◆ Data provided

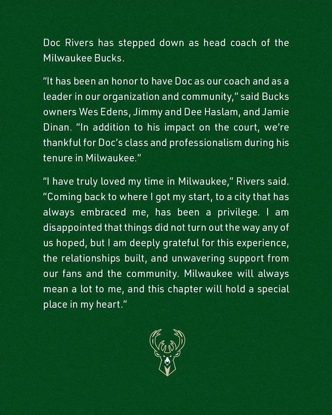 雄鹿老板韦斯-伊登斯、吉米-哈斯拉姆与迪-哈斯拉姆夫妇,以及杰米-迪南表示:“里弗斯担任我们的主教练,同时作为球队和社区的领袖,这是我们的荣幸。除了他在赛场上带来的影响力之外,我们也感谢他在密尔沃基任职期间展现出的风度与职业素养。”
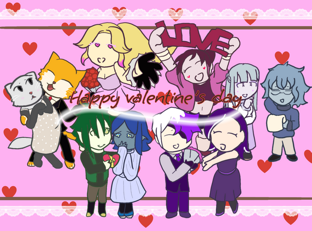 WELL THEN!!! It is yet again Valentine's day and this time I'm not just drawing my own ocs and I am even drawing 17 ocs in total too (plus the Huge plush Edward ) I ended up adding a lot of pink because of Valentine's day and some red too, though obviously not as much, tried it, found it too strong a color so added some blue and gold in instead These girls you see here are ALL of the New Spade Pirates started by + an honorary member (Yaya ) I myself is pleased with the result and hope you guys like them as well Please do like it , really worried and want to make sure that I did all the girls justice, but anyway IT WAS STILL FUNCouples + Info (right to left):
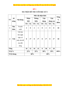 MA TRẬN ĐỀ THI CUỐI HỌC KỲ I
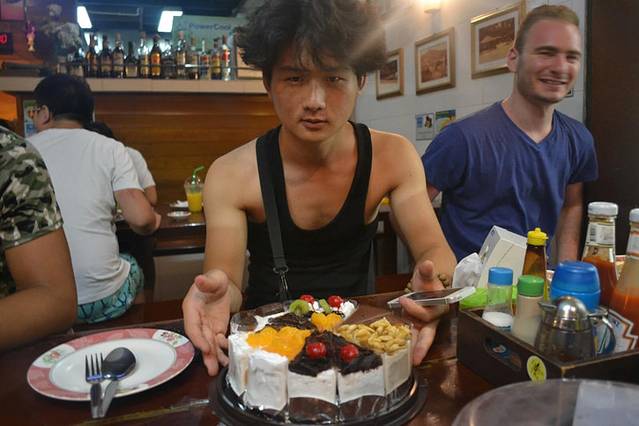 小十这孩子晚上过生日,找了好久,问了多人,附近根本没有蛋糕房。最后在一家大型超市糕点区买到个12寸左右的,这已经是最大的蛋糕了.其实蛋糕产业在这边是个盲区可以考虑…这次挑选的饭店相当不错,周边饭店门可罗雀而唯独一家车马兴隆,排队就排了一个小时,价钱合理且出国两个多月第一次吃出家的味道,依旧老规矩一个人一个菜,冬阴汤确实很地道。
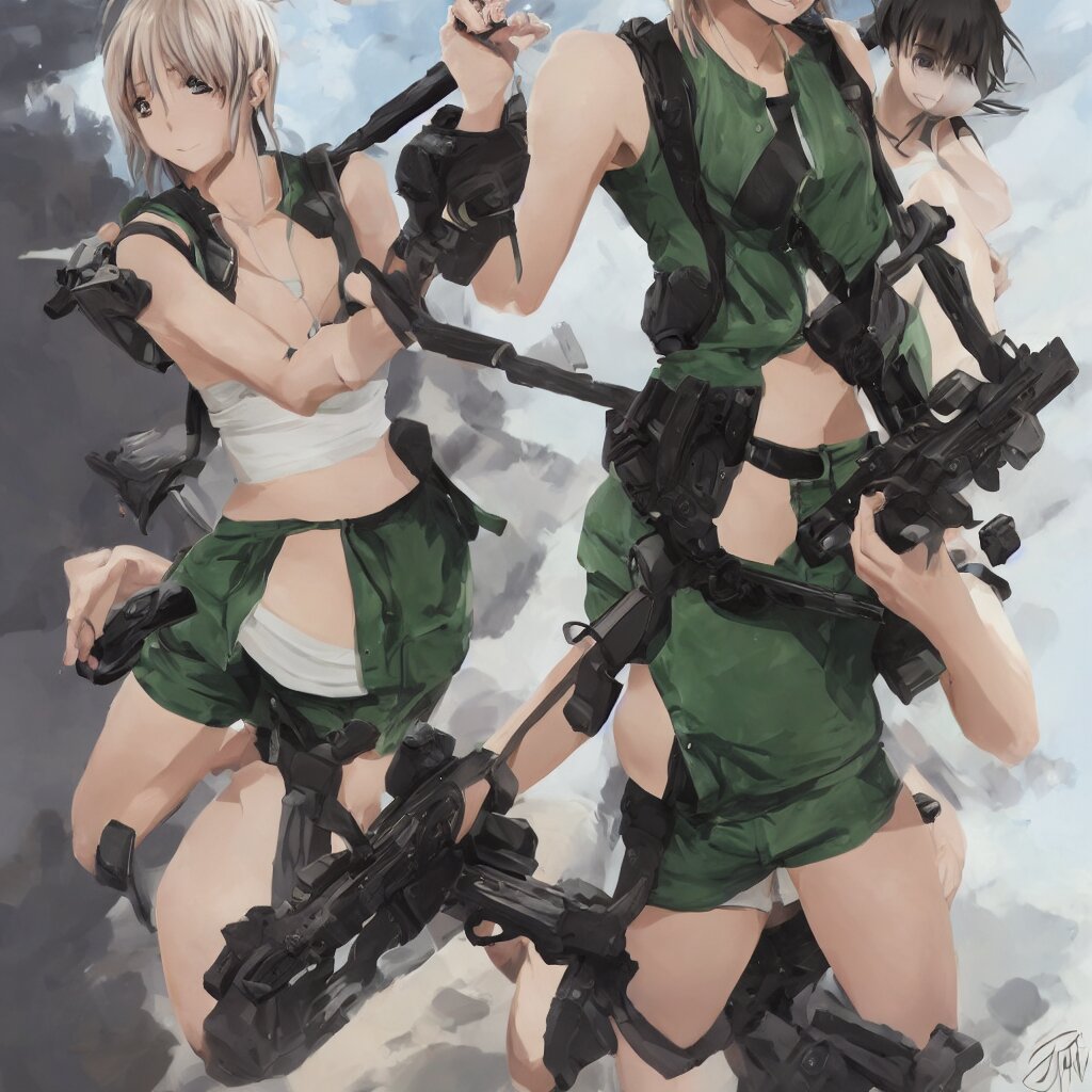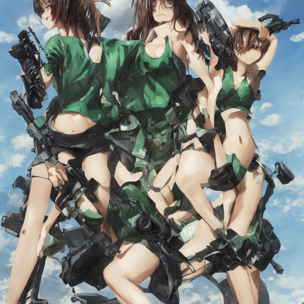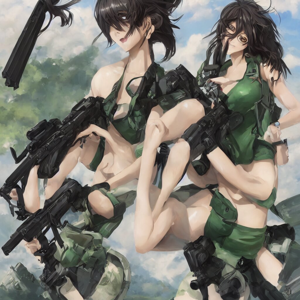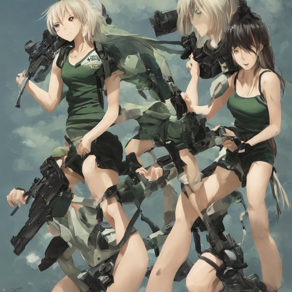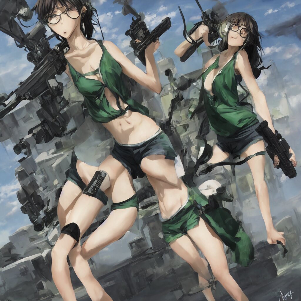 A beautiful anime girl with an athletic feminine body in a green tank top and black shorts holding an m4 assault rifle in her right hand, aviator classic sunglasses, long hair, anatomically correct, tanned body, confident facial expression, white background, highly detailed, digital painting, artstation, concept art, illustration, style by jordan grimmer and greg rutkowski
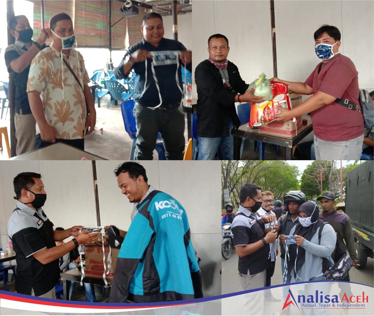 Analisaaceh.com, Lhokseumawe | Pengurus Persatuan Pewarta Warga Indonesia (PPWI) Kota Lhokseumawe membagikan masker kepada wartawan yang bertugas di wilayah Aceh Utara dan Lhokseumawe dan kepada pengguna jalan, Kamis sore (9/4/20). Sebagian pewarta juga mendapat bantuan berupa bahan pokok donasi dari Senator Aceh, Fachrul Razi, MIP.
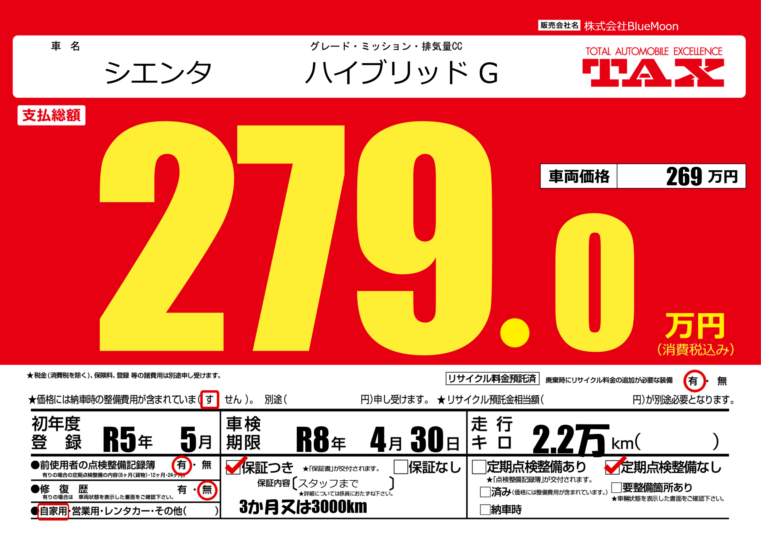 | 車名 | シエンタ | グレード ミッション 排気量 |

◆ Your task
Quote exactly, and only, the lines from the line containing "MA TRẬN ĐỀ THI CUỐI HỌC KỲ I" through the final line of the records above, both included, omitting any pictures.

◆ Answer space
 MA TRẬN ĐỀ THI CUỐI HỌC KỲ I
 小十这孩子晚上过生日,找了好久,问了多人,附近根本没有蛋糕房。最后在一家大型超市糕点区买到个12寸左右的,这已经是最大的蛋糕了.其实蛋糕产业在这边是个盲区可以考虑…这次挑选的饭店相当不错,周边饭店门可罗雀而唯独一家车马兴隆,排队就排了一个小时,价钱合理且出国两个多月第一次吃出家的味道,依旧老规矩一个人一个菜,冬阴汤确实很地道。
 A beautiful anime girl with an athletic feminine body in a green tank top and black shorts holding an m4 assault rifle in her right hand, aviator classic sunglasses, long hair, anatomically correct, tanned body, confident facial expression, white background, highly detailed, digital painting, artstation, concept art, illustration, style by jordan grimmer and greg rutkowski
 Analisaaceh.com, Lhokseumawe | Pengurus Persatuan Pewarta Warga Indonesia (PPWI) Kota Lhokseumawe membagikan masker kepada wartawan yang bertugas di wilayah Aceh Utara dan Lhokseumawe dan kepada pengguna jalan, Kamis sore (9/4/20). Sebagian pewarta juga mendapat bantuan berupa bahan pokok donasi dari Senator Aceh, Fachrul Razi, MIP.
 | 車名 | シエンタ | グレード ミッション 排気量 |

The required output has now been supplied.